[Dataset records]:

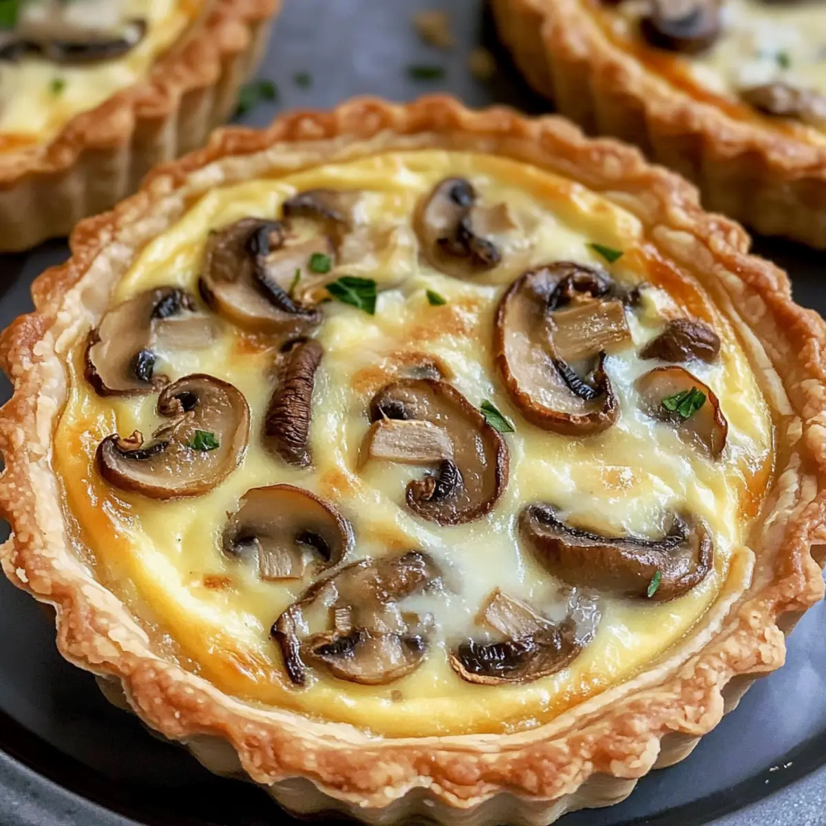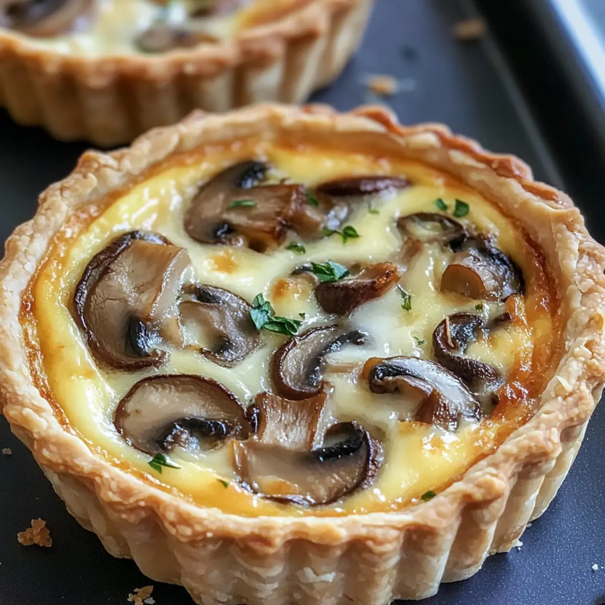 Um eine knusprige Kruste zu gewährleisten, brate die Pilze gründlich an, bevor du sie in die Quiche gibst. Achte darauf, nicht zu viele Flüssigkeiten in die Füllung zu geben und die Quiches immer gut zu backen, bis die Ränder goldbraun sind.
--
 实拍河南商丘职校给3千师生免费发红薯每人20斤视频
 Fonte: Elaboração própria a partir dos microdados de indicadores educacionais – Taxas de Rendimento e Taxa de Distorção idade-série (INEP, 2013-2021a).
---
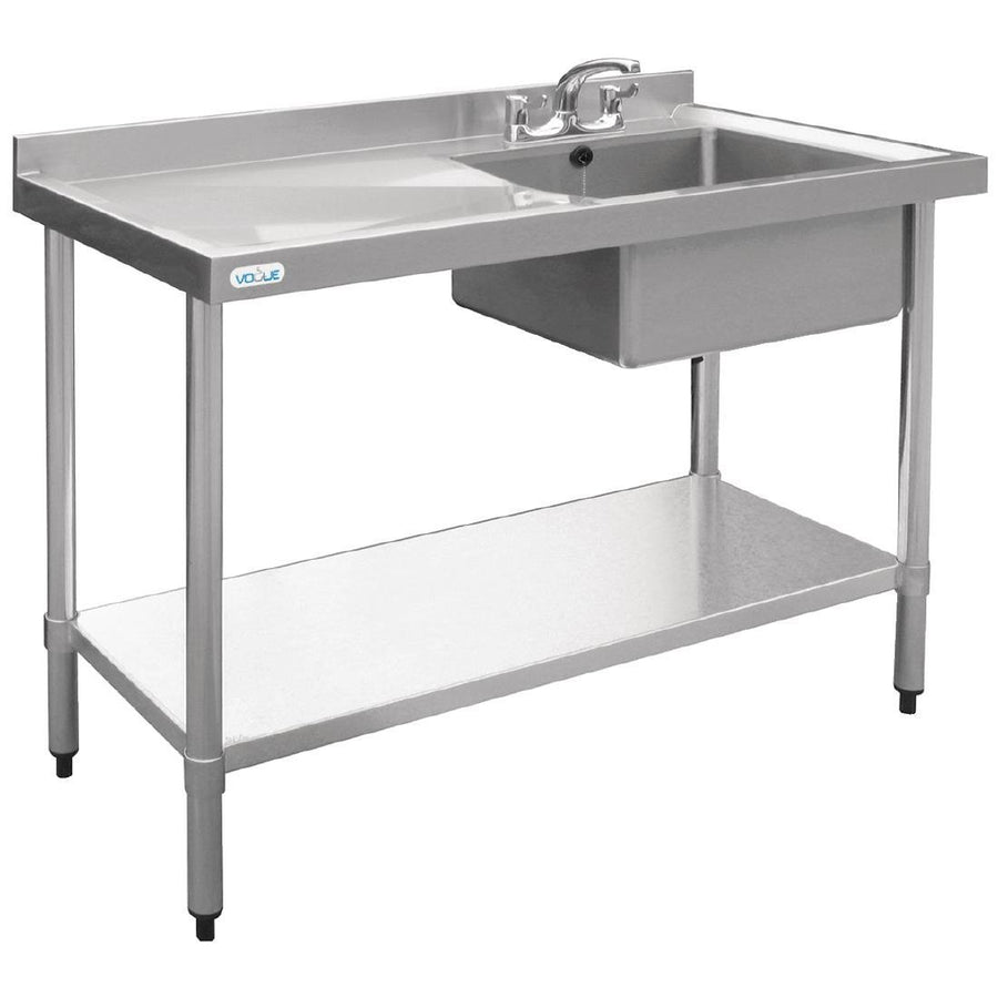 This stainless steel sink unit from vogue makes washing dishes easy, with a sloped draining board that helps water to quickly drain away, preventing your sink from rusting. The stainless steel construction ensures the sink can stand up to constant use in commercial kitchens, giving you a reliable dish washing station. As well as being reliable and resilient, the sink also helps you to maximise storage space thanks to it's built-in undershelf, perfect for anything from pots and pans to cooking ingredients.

[About this task]: Only the lines from the one containing "实拍河南商丘职校给3千师生免费发红薯每人20斤视频" through the one containing "Fonte: Elaboração própria" are to be retyped, both boundary lines included, with no other material.

[Response area]:
 实拍河南商丘职校给3千师生免费发红薯每人20斤视频
 Fonte: Elaboração própria a partir dos microdados de indicadores educacionais – Taxas de Rendimento e Taxa de Distorção idade-série (INEP, 2013-2021a).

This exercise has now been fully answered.